## [ASSIGNED TASK]
Using only the entries below, output the lines starting at the one containing "フルーティーで、白ワインに似" and ending at the one containing "A Köztársasági Választási", exactly and inclusive of both, omitting the pictures.

## [EXTRACTED ENTRIES]
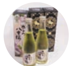
清酒「奈良の八重桜」

フルーティーで、白ワインに似た味わいがあり、冷やすと美味しいお酒に仕上がっています。
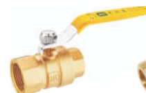
242黄铜异径内螺纹燃气球阀
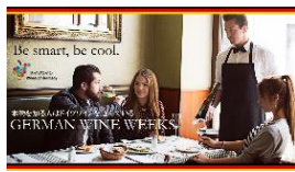
イメージポスター (Image poster)
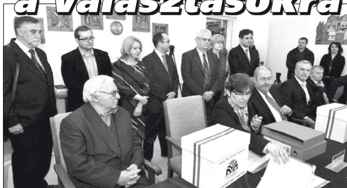
A VMSZ tartományi listájának átadása Újvidéken

A Köztársasági Választási Bizottság (RIK) március elején hivatalosan is elindította a 2016. évi előre hozott parlamenti választások folyamatát Szerbiában. Ezt követően a köztársasági parlament elnöke kiírta az önkormányzati választásokat, majd a tartományi parlament elnöke a tartományt, a községi képviselő-testület elnöke pedig a helyi közösségi választásokat. A választások a kisebb költségek miatt minden szinten egy időben, április 24-én lesznek. A kiírásokat követően kezdődtek a választásokon induló pártok és pártkoalíciók jelölt listáit támogatók aláírásainak gyűjtése. Miután megvolt a jelölt lista állításához szükséges kellő számú támogatói aláírás, a pártok igyekeztek minél előbb át is adni azokat a megfelelő választási bizottságoknak. A kevesebb támogatóval rendelkező pártok, vagy más okból kifolyólag, egyes pártok esetében az aláírásgyűjtés még a hét végén is folyt. A választási listák leadási határideje ugyanis április 8.
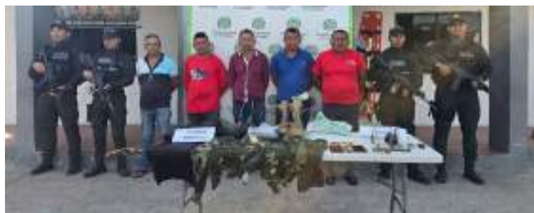
Estas personas tenían en su poder armamento y municiones de diferentes calibres, dinero y celulares.

Asimismo, se pudo conocer que en el momento de la detención estos cinco sujetos tenían en su poder dos pistolas, un revólver, proveedores de pistolas, 33 cartuchos de diferentes calibres, dinero en efectivo y
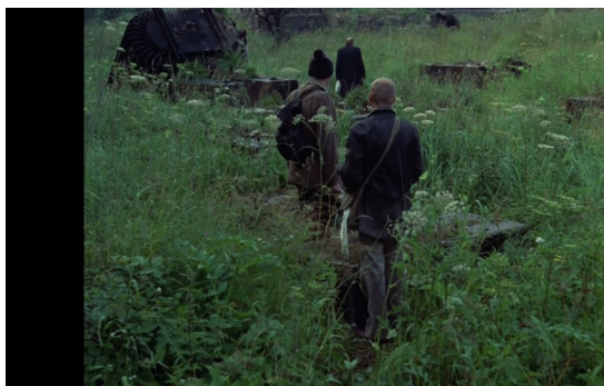
Imagem 5: O ambiente natural da Zona.

Incorrendo à abordagem trágica, a Zona poderia se tratar de uma força titânica exposta ao mundo de regência apolínea, logo, a presença desta traz perigos inimagináveis que devem ser abatidos pela resistência do apolinismo. Tal resistência é visualizada logo ao princípio do filme, quando se percebe que o local é cercado e vigiado ininterruptamente pelo exército soviético. Estando em meio ao caos do mundo industrial, científico e racionalista, a Zona se coloca como vislumbre de um período sombrio à humanidade, em que o princípio de individuação ocorria no plano da existência mesma – do sangue pelo sangue –, palco das manifestações inconscientes da Vontade. É o retorno das pulsões da Vontade recalçados sob a luz do apolinismo.
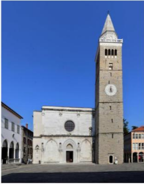
- Zvonik v Kopru (12. stol., 15. stol.), višina: 53 m

## [RESPONSE TO THE EXERCISE]
フルーティーで、白ワインに似た味わいがあり、冷やすと美味しいお酒に仕上がっています。
242黄铜异径内螺纹燃气球阀
イメージポスター (Image poster)
A VMSZ tartományi listájának átadása Újvidéken

A Köztársasági Választási Bizottság (RIK) március elején hivatalosan is elindította a 2016. évi előre hozott parlamenti választások folyamatát Szerbiában. Ezt követően a köztársasági parlament elnöke kiírta az önkormányzati választásokat, majd a tartományi parlament elnöke a tartományt, a községi képviselő-testület elnöke pedig a helyi közösségi választásokat. A választások a kisebb költségek miatt minden szinten egy időben, április 24-én lesznek. A kiírásokat követően kezdődtek a választásokon induló pártok és pártkoalíciók jelölt listáit támogatók aláírásainak gyűjtése. Miután megvolt a jelölt lista állításához szükséges kellő számú támogatói aláírás, a pártok igyekeztek minél előbb át is adni azokat a megfelelő választási bizottságoknak. A kevesebb támogatóval rendelkező pártok, vagy más okból kifolyólag, egyes pártok esetében az aláírásgyűjtés még a hét végén is folyt. A választási listák leadási határideje ugyanis április 8.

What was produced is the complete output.